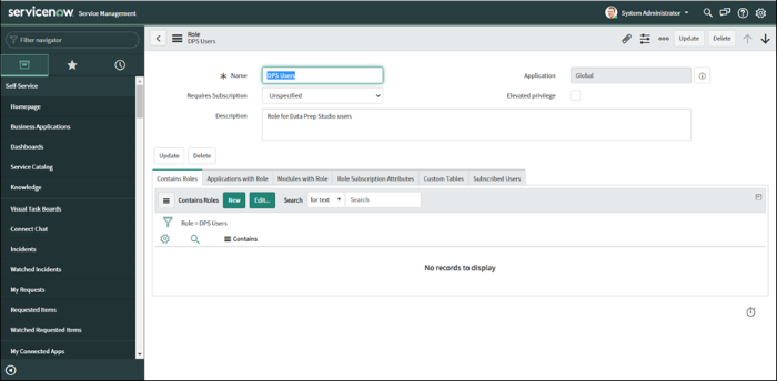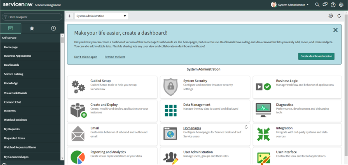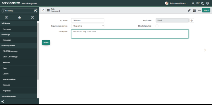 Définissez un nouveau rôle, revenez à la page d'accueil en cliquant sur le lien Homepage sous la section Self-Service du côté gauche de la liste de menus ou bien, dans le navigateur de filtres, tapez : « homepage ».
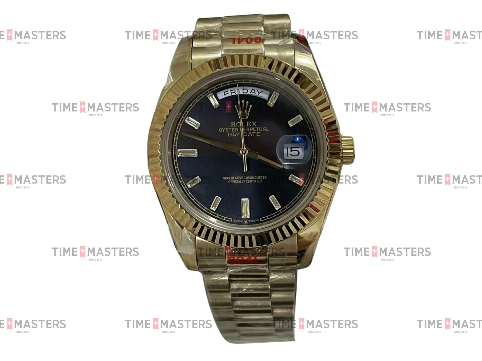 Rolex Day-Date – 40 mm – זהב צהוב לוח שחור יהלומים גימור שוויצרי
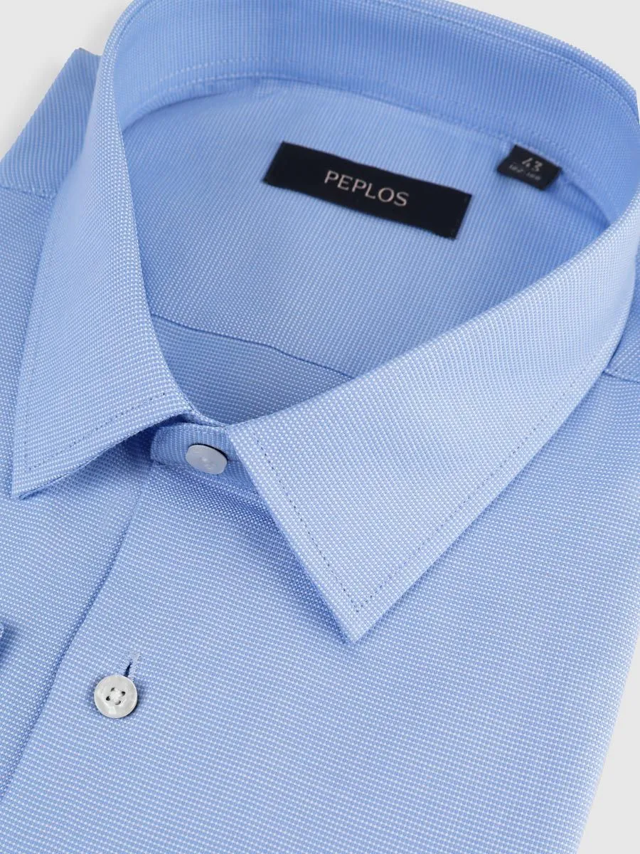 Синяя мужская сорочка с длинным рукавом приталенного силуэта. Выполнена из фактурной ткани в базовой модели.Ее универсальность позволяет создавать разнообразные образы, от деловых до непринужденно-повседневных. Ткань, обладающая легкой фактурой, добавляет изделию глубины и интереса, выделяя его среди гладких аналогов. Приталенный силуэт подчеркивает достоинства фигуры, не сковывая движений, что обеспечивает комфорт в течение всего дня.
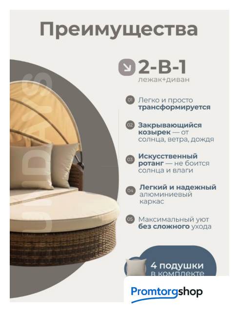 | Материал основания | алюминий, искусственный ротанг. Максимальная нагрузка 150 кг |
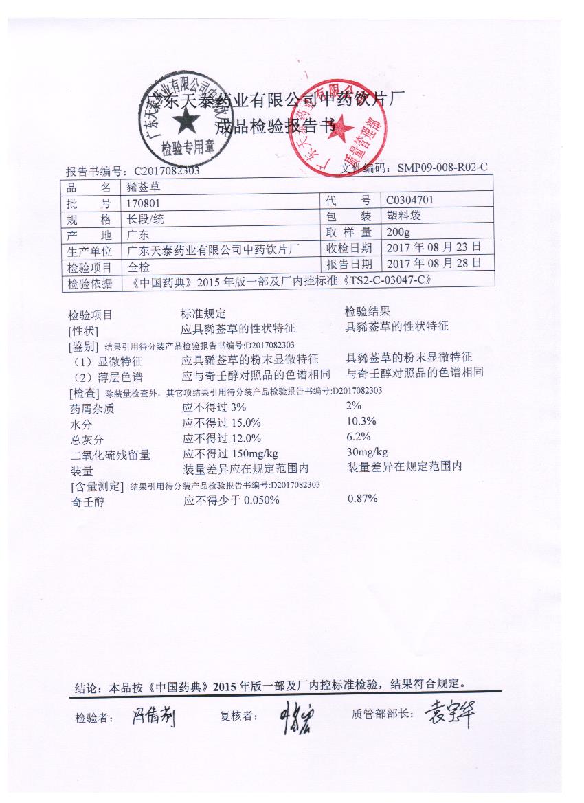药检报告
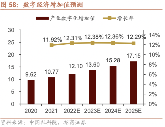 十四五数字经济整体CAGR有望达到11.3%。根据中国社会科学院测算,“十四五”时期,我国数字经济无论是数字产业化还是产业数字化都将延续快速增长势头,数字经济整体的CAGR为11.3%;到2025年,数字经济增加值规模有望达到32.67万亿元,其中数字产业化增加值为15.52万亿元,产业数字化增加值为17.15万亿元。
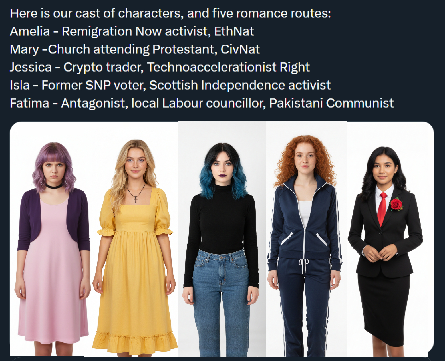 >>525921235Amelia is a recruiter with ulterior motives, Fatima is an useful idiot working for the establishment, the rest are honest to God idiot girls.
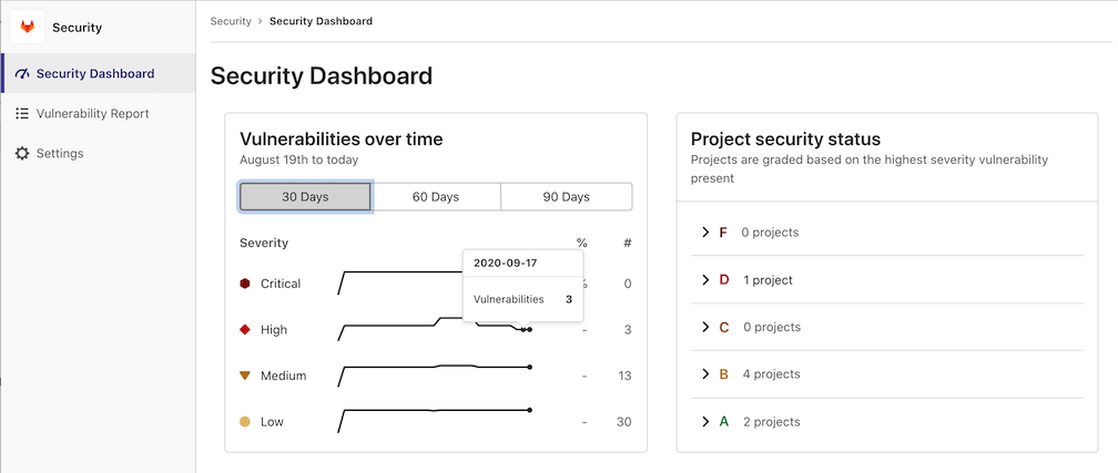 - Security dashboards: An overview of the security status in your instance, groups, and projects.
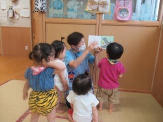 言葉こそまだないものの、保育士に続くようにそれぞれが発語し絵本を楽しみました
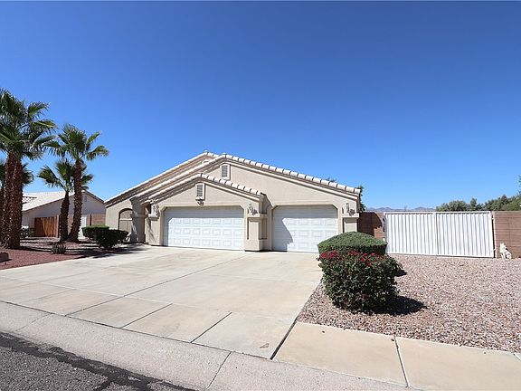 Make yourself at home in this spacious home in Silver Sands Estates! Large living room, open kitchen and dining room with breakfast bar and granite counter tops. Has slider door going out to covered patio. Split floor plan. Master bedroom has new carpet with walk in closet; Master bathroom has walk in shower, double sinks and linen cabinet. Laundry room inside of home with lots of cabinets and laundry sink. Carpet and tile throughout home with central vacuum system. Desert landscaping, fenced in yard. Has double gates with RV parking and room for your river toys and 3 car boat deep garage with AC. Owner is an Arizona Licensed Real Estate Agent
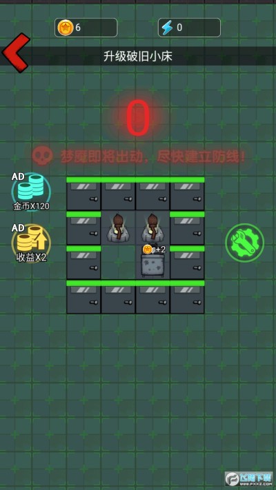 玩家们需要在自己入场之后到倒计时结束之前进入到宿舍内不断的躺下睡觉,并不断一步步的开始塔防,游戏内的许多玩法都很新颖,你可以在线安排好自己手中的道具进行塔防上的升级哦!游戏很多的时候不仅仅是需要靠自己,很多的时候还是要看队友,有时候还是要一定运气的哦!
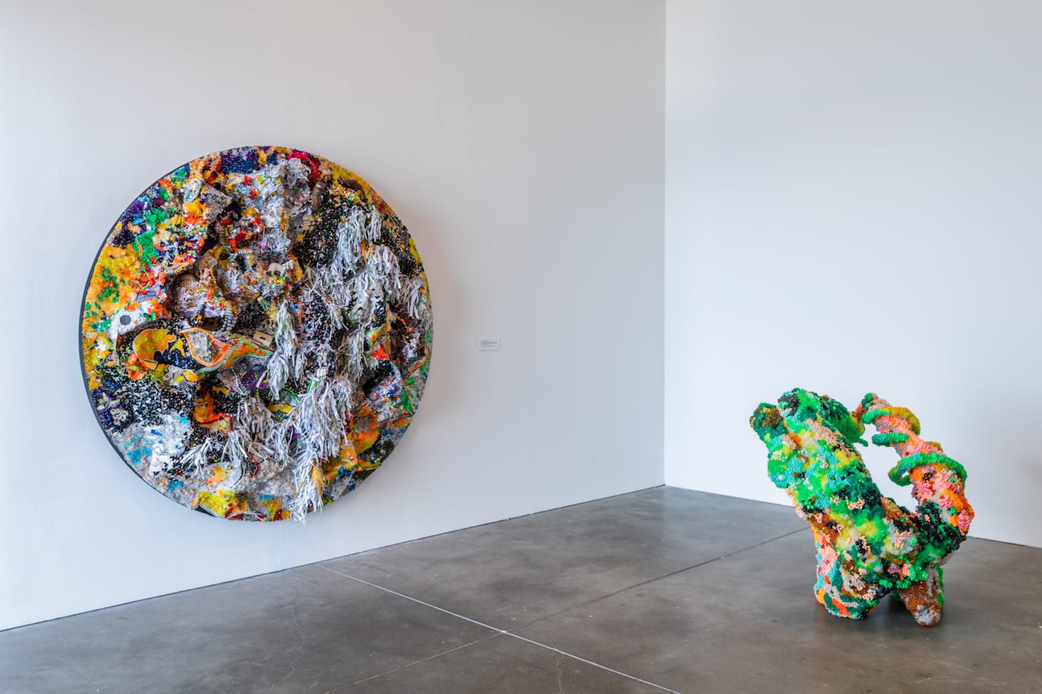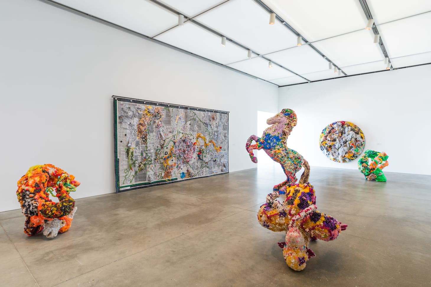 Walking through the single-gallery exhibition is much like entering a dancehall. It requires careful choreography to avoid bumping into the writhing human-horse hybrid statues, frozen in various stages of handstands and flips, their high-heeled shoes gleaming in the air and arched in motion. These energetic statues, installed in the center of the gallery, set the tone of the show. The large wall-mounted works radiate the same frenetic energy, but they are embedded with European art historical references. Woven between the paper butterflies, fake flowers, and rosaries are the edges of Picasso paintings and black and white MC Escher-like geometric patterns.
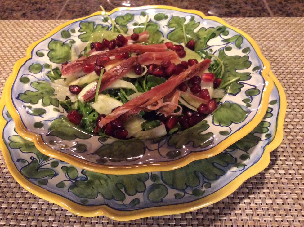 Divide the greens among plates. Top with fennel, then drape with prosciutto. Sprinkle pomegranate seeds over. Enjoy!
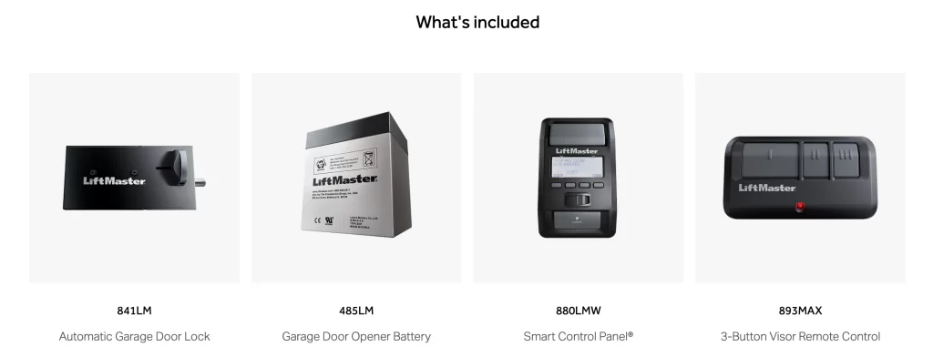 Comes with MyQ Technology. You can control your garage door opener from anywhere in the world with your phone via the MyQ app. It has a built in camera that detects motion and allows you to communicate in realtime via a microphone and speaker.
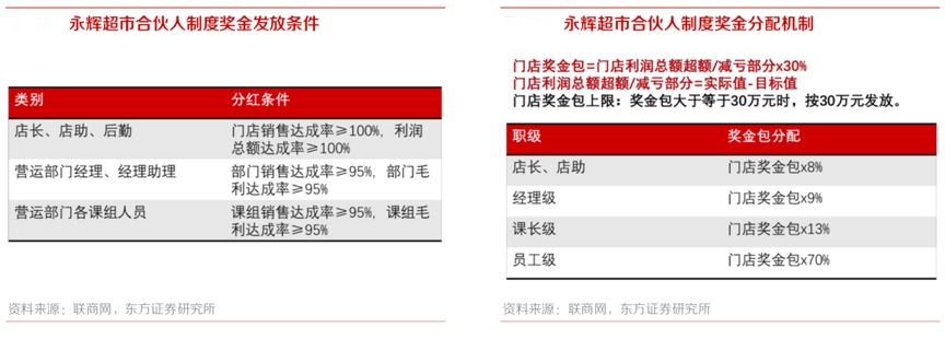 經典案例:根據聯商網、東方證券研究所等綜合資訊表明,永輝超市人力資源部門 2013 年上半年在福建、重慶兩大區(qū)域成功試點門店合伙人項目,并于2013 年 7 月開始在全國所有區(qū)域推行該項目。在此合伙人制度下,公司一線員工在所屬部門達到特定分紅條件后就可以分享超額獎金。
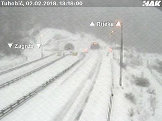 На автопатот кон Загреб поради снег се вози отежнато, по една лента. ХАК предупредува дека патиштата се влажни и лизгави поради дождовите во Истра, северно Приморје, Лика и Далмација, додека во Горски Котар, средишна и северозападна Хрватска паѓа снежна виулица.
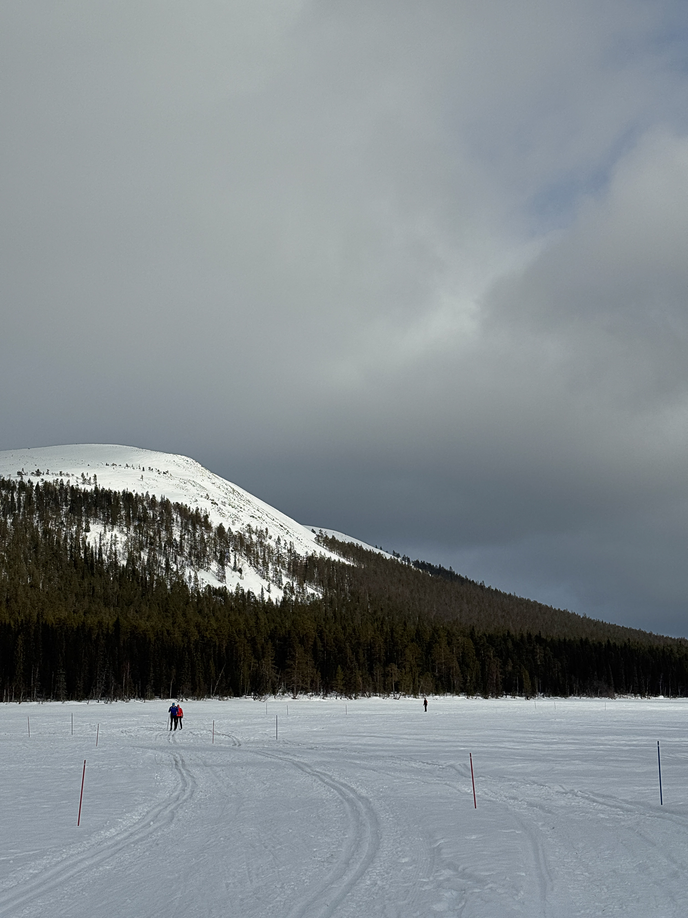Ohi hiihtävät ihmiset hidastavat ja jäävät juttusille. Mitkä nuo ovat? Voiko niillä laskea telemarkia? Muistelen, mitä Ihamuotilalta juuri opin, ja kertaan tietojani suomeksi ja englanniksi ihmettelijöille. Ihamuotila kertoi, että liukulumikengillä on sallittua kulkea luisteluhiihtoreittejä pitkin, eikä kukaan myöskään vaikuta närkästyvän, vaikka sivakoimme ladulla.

══════════════════════════════

**Instructions for the task:**
Please print the entire listing again exactly, minus its images.

**Your solution:**
 Définissez un nouveau rôle, revenez à la page d'accueil en cliquant sur le lien Homepage sous la section Self-Service du côté gauche de la liste de menus ou bien, dans le navigateur de filtres, tapez : « homepage ».
 Rolex Day-Date – 40 mm – זהב צהוב לוח שחור יהלומים גימור שוויצרי
 Синяя мужская сорочка с длинным рукавом приталенного силуэта. Выполнена из фактурной ткани в базовой модели.Ее универсальность позволяет создавать разнообразные образы, от деловых до непринужденно-повседневных. Ткань, обладающая легкой фактурой, добавляет изделию глубины и интереса, выделяя его среди гладких аналогов. Приталенный силуэт подчеркивает достоинства фигуры, не сковывая движений, что обеспечивает комфорт в течение всего дня.
 | Материал основания | алюминий, искусственный ротанг. Максимальная нагрузка 150 кг |
药检报告
 十四五数字经济整体CAGR有望达到11.3%。根据中国社会科学院测算,“十四五”时期,我国数字经济无论是数字产业化还是产业数字化都将延续快速增长势头,数字经济整体的CAGR为11.3%;到2025年,数字经济增加值规模有望达到32.67万亿元,其中数字产业化增加值为15.52万亿元,产业数字化增加值为17.15万亿元。
 >>525921235Amelia is a recruiter with ulterior motives, Fatima is an useful idiot working for the establishment, the rest are honest to God idiot girls.
 - Security dashboards: An overview of the security status in your instance, groups, and projects.
 言葉こそまだないものの、保育士に続くようにそれぞれが発語し絵本を楽しみました
 Make yourself at home in this spacious home in Silver Sands Estates! Large living room, open kitchen and dining room with breakfast bar and granite counter tops. Has slider door going out to covered patio. Split floor plan. Master bedroom has new carpet with walk in closet; Master bathroom has walk in shower, double sinks and linen cabinet. Laundry room inside of home with lots of cabinets and laundry sink. Carpet and tile throughout home with central vacuum system. Desert landscaping, fenced in yard. Has double gates with RV parking and room for your river toys and 3 car boat deep garage with AC. Owner is an Arizona Licensed Real Estate Agent
 玩家们需要在自己入场之后到倒计时结束之前进入到宿舍内不断的躺下睡觉,并不断一步步的开始塔防,游戏内的许多玩法都很新颖,你可以在线安排好自己手中的道具进行塔防上的升级哦!游戏很多的时候不仅仅是需要靠自己,很多的时候还是要看队友,有时候还是要一定运气的哦!
 Walking through the single-gallery exhibition is much like entering a dancehall. It requires careful choreography to avoid bumping into the writhing human-horse hybrid statues, frozen in various stages of handstands and flips, their high-heeled shoes gleaming in the air and arched in motion. These energetic statues, installed in the center of the gallery, set the tone of the show. The large wall-mounted works radiate the same frenetic energy, but they are embedded with European art historical references. Woven between the paper butterflies, fake flowers, and rosaries are the edges of Picasso paintings and black and white MC Escher-like geometric patterns.
 Divide the greens among plates. Top with fennel, then drape with prosciutto. Sprinkle pomegranate seeds over. Enjoy!
 Comes with MyQ Technology. You can control your garage door opener from anywhere in the world with your phone via the MyQ app. It has a built in camera that detects motion and allows you to communicate in realtime via a microphone and speaker.
 經典案例:根據聯商網、東方證券研究所等綜合資訊表明,永輝超市人力資源部門 2013 年上半年在福建、重慶兩大區(qū)域成功試點門店合伙人項目,并于2013 年 7 月開始在全國所有區(qū)域推行該項目。在此合伙人制度下,公司一線員工在所屬部門達到特定分紅條件后就可以分享超額獎金。
 На автопатот кон Загреб поради снег се вози отежнато, по една лента. ХАК предупредува дека патиштата се влажни и лизгави поради дождовите во Истра, северно Приморје, Лика и Далмација, додека во Горски Котар, средишна и северозападна Хрватска паѓа снежна виулица.
Ohi hiihtävät ihmiset hidastavat ja jäävät juttusille. Mitkä nuo ovat? Voiko niillä laskea telemarkia? Muistelen, mitä Ihamuotilalta juuri opin, ja kertaan tietojani suomeksi ja englanniksi ihmettelijöille. Ihamuotila kertoi, että liukulumikengillä on sallittua kulkea luisteluhiihtoreittejä pitkin, eikä kukaan myöskään vaikuta närkästyvän, vaikka sivakoimme ladulla.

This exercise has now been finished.